Bitcoin below $80,000: U.S. inflation and oil pressure the market
May 13, 2026
Bitcoin fell below $80,000 again after another macro shock from the United States. The main trigger was a strong PPI: producer prices in the U.S. rose sharply, and the market started pricing in a tougher scenario for interest rates again.
What triggered Bitcoin’s drop
Bitcoin fell below $80,000 again after another macro shock from the United States. The main trigger was a strong PPI: producer prices in the U.S. rose sharply, and the market started pricing in a tougher scenario for interest rates again. Against this backdrop, the crypto market quickly reacted with selling.
What exactly is pressuring the market
The problem is not only inflation itself, but also its source. Additional pressure comes from the energy backdrop amid the conflict between the United States and Iran, which pushed oil prices higher.
More expensive energy hits both goods and investor sentiment. For the market, this means one simple thing: inflation once again looks more persistent than expected.
Why Bitcoin is reacting so nervously
For Bitcoin, this is a bad mix of factors. On one hand, hot inflation data reduces the chances of a quick easing of Fed policy. On the other hand, geopolitical tension is weighing on risk appetite.
In this environment, BTC is once again showing that it remains sensitive to the macro backdrop, interest rates, and the broader risk-off mood.
What this means for the market next
The current move shows that Bitcoin has still not detached from the global financial context. If inflation pressure in the U.S. holds and the oil story continues to move expectations, the crypto market may remain under pressure in the short term.

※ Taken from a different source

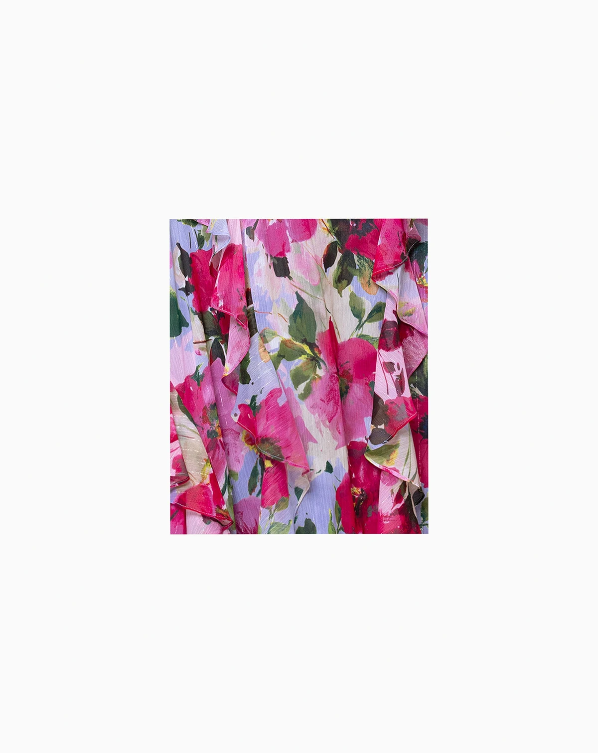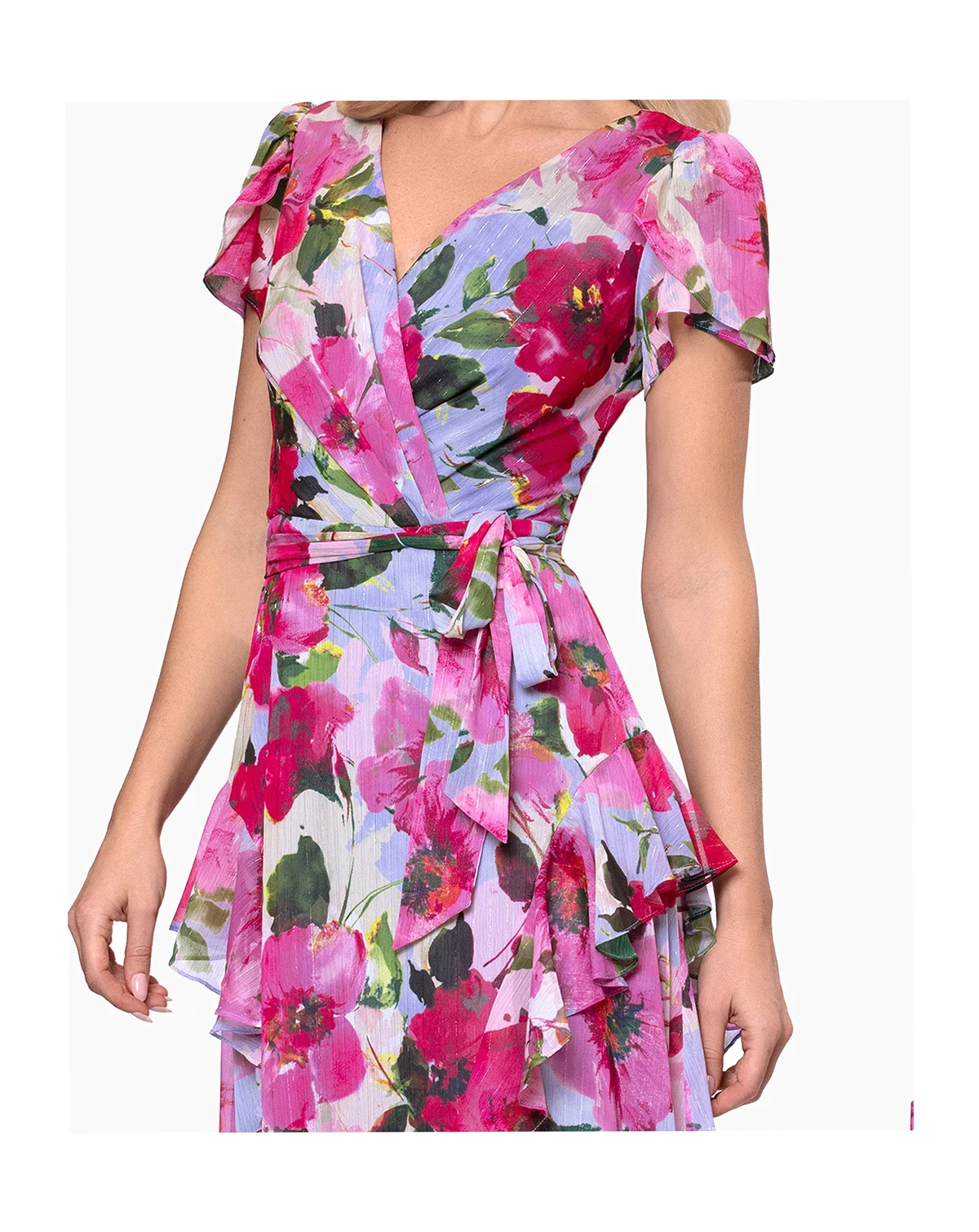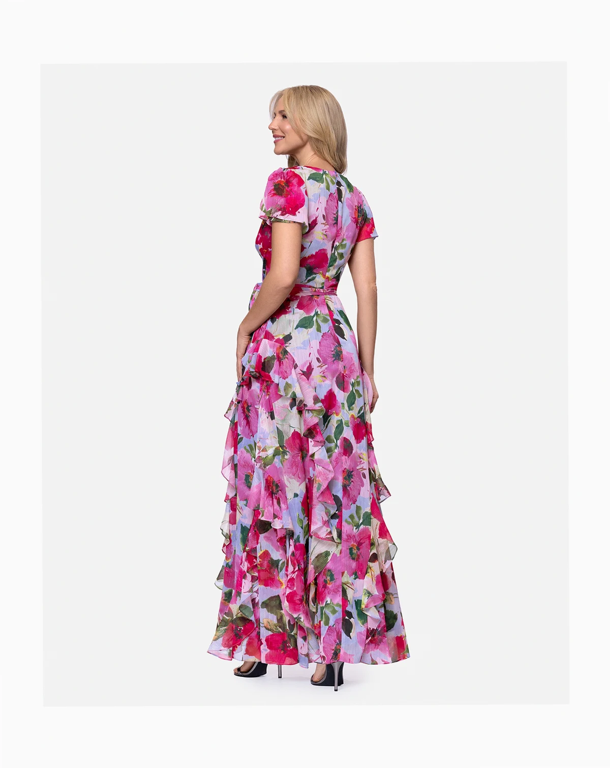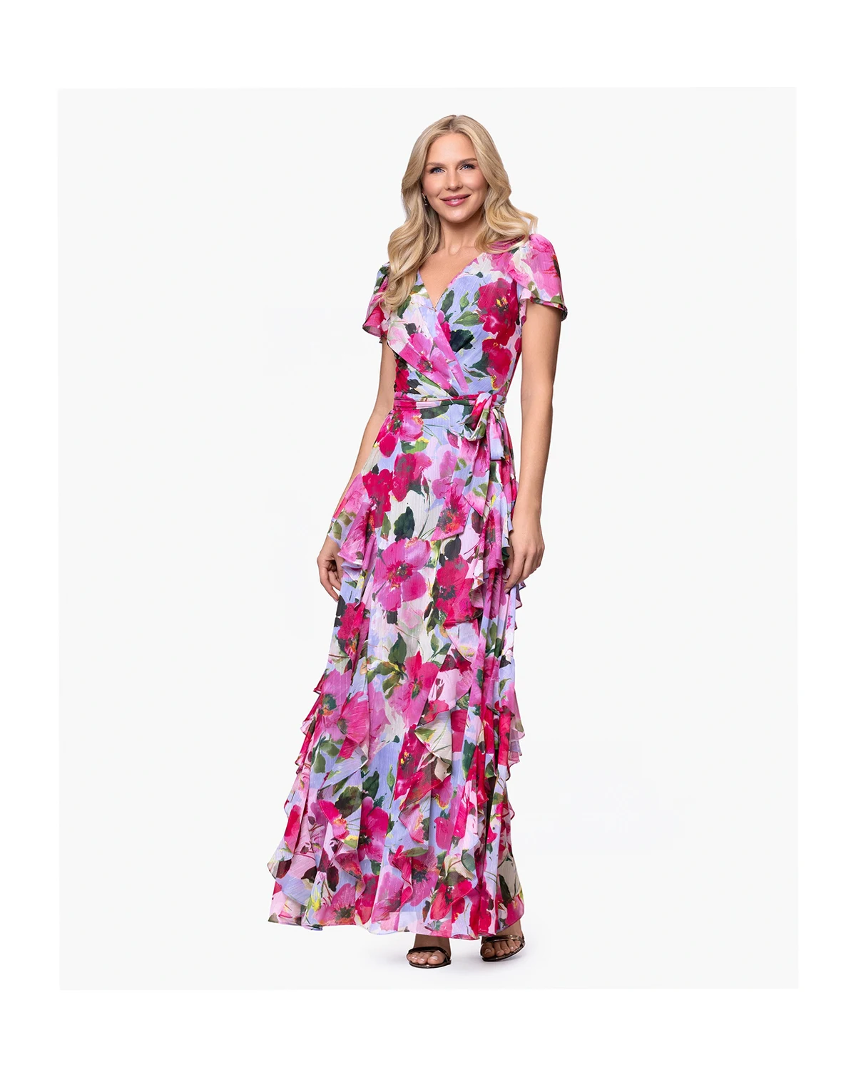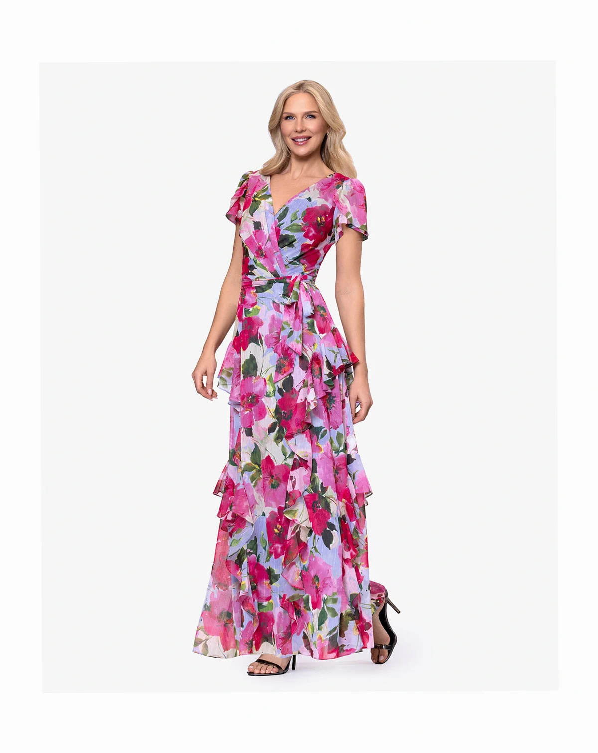 Chic and vibrant, this Betsy & Adam ball gown features a V-neckline and short sleeves for a flattering, elegant silhouette. Stretchy fabric ensures ease of movement, while a center back zipper provides a smooth fit, and a lively floral print adds festive charm, suited for celebrations or parties.

Especially if buyers do not bring BTC back above $80,000 quickly enough.
Which signals matter for Bitcoin right now
- Bitcoin fell below $80,000 again
- a strong PPI increased concerns about interest rates
- oil and geopolitics added pressure on risk assets
Conclusion: why the market is watching more than BTC
Bitcoin’s drop below $80,000 now looks less like a random move and more like a reaction to the combination of two strong factors: accelerating inflation in the United States and energy tension caused by the conflict with Iran. The market is watching not only BTC itself, but also whether this macro story turns into a longer period of pressure for all risk assets.